The Breathalyzer, which can provide a quick measurement of a person's blood alcohol concentration level, is only one of many kinds of evidence that can be used against a person who has been charged with a DUI. Washington drivers should be aware that passing a BAC test does not mean an automatic acquittal.

There are several characteristics people can exhibit when they are driving while impaired, according to information from the National Highway Traffic Safety Administration. The driving patterns give law enforcement enough reason to stop a vehicle and evaluate the situation for a DUI.

Individuals should refuse to answer any questions regarding their recent alcohol consumption until they consult with an attorney, as is their right, as their statements can be used against them in court. A police officer will include in his or her statement an individual's admission of having any amount of alcoholic drinks. The behavior of the individual will also be noted.

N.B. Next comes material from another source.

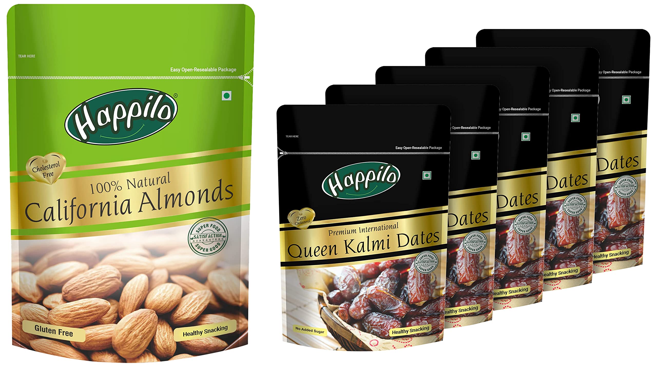 Happilo 100% Natural Premium Californian Almonds Value Pack PouchDried500gHappilo Has Travelled The World To Get The Finest Gourmet Dry Fruits Perfect For A Healthy Lifestyle.Time To Be Happy Lovely & Healthy.High Protein Dietary Fiber No Gluten No Gmo Zero Transfat Zero Cholesterol 100% Real Nuts- Good For An Active Lifestyle Lowers Harmful Cholesterol Levels Rich Source Of Omega-3 Anti Oxidants & Vitamins Calcium Iron & Magnesium. Shelf Life : 12 MonthsHappilo Premium International Queen Kalmi Dates 200g (Pack of 5)Happilo has travelled the world to get the finest gourmet dry fruits dried fruits nuts berries and dates 100 percent natural and authentic. Indulge into the gourmet and grocery world of Happilo with awesome natural nuts and dry fruits along with the unique dry fruit mixes fusions and flavoured dry fruits healthy seeds and dried berries specially crafted for your taste and health.

When a person is asked to undergo a test, he or she is required to do so, according to implied consent laws. Refusing a chemical test can result in the denial being admitted as incriminating evidence in court and the automatic suspension of driving privileges. If a person fails a test with a BAC of 0.08 or higher, he or she will likely be taken into custody. A driver may also be charged with a DUI if he or she has a BAC between 0.05 and 0.07 and there is additional evidence indicating impairment.

Individuals who are suspected of drunk driving should speak with a criminal defense attorney to see if there are ways to counter the allegations. Breath tests sometimes give false results, and an attorney may find it advisable to mount a challenge on the basis that the machine that was used was improperly calibrated at the time.